5. As nossas reflexões tornam-se urgentes, lá onde um povo, para além dos próprios confins, pensa «no bem de todos e de cada um, porque todos somos responsáveis por todos» (Sollicitudo rei socialis, 38).

É para desejar que a solidariedade política hoje queira exprimir-se segundo um  horizonte  «que,  superando  uma simples nação ou um simples bloco de nações, assuma uma dimensão mais propriamente continental e mundial» (Christifideles laici, 42). A Igreja jamais pode deixar-se utilizar instrumentalmente para  fins  de  uma  demagogia  e  de sentimentalismos antieuropeus. Portanto, não há outra alternativa para uma Europa unida.
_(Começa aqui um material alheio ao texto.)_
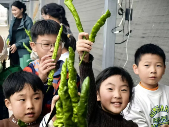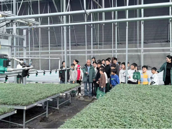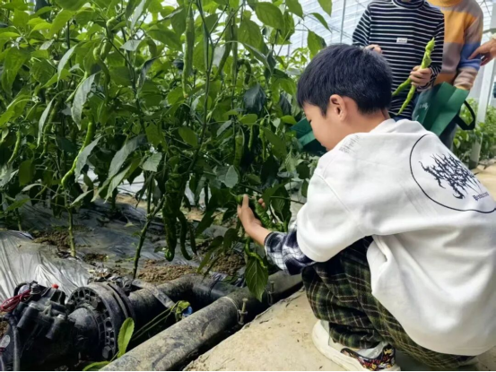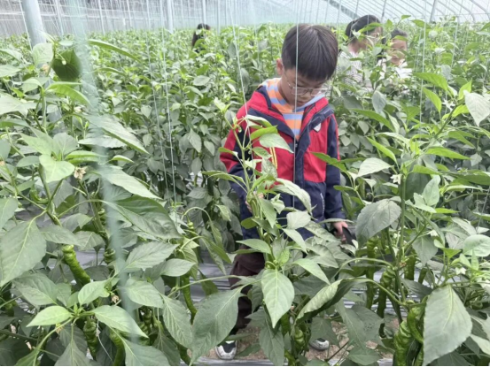 本次课程特别设置了现代农业技术参观环节,同学们有序走进西红柿育苗棚,园区技术人员现场演示了现代化的喷淋、施肥系统,水肥一体化的喷淋装置开启,均匀地滋养每一株作物。当了解到如何通过科学手段精准防控病虫害,减少农药使用,孩子们对现代化农业有了全新的认识,切身感受到了科技为传统农耕带来的巨大变革。深入浅出的知识铺垫,孩子们深刻体会到“一分耕耘,一分收获”的道理,也为接下来的亲手采摘实践做好了充分准备。

A contribuição, que o político cristão poderia oferecer a este processo, é a ideia da inviolável dignidade de cada pessoa humana, sobre cuja base se pode edificar uma cultura europeia da vida, que não se preocupa só com o facto de na Europa se viver bem, sob o ponto de vista económico e financeiro, mas também que a Europa seja edificada sobre a base de valores que, no passado, a tornaram grande. O político cristão não renunciará a representar tudo o que aprendeu da sua fé e o que a sua consciência lhe sugere.

6. Senhoras e Senhores!

Com as palavras do Concílio Vaticano II agradeço-vos tudo o que fazeis em favor da vida política na Áustria: «A Igreja louva e aprecia o trabalho de quantos se dedicam ao bem da nação e tomam sobre si o peso de tal cargo, ao serviço dos homens» (Gaudium et spes, 75). De igual modo, convido-vos ao «espírito de serviço» que, juntamente com as necessárias competência e eficiência, pode tornar «transparente» e «pura» a actividade dos homens políticos, como aliás o povo justamente exige (cf. Christifideles laici, 42). A vós pessoalmente e a todos aqueles que colaboram convosco na edificação de uma cultura da vida, concedo de coração a Bênção Apostólica.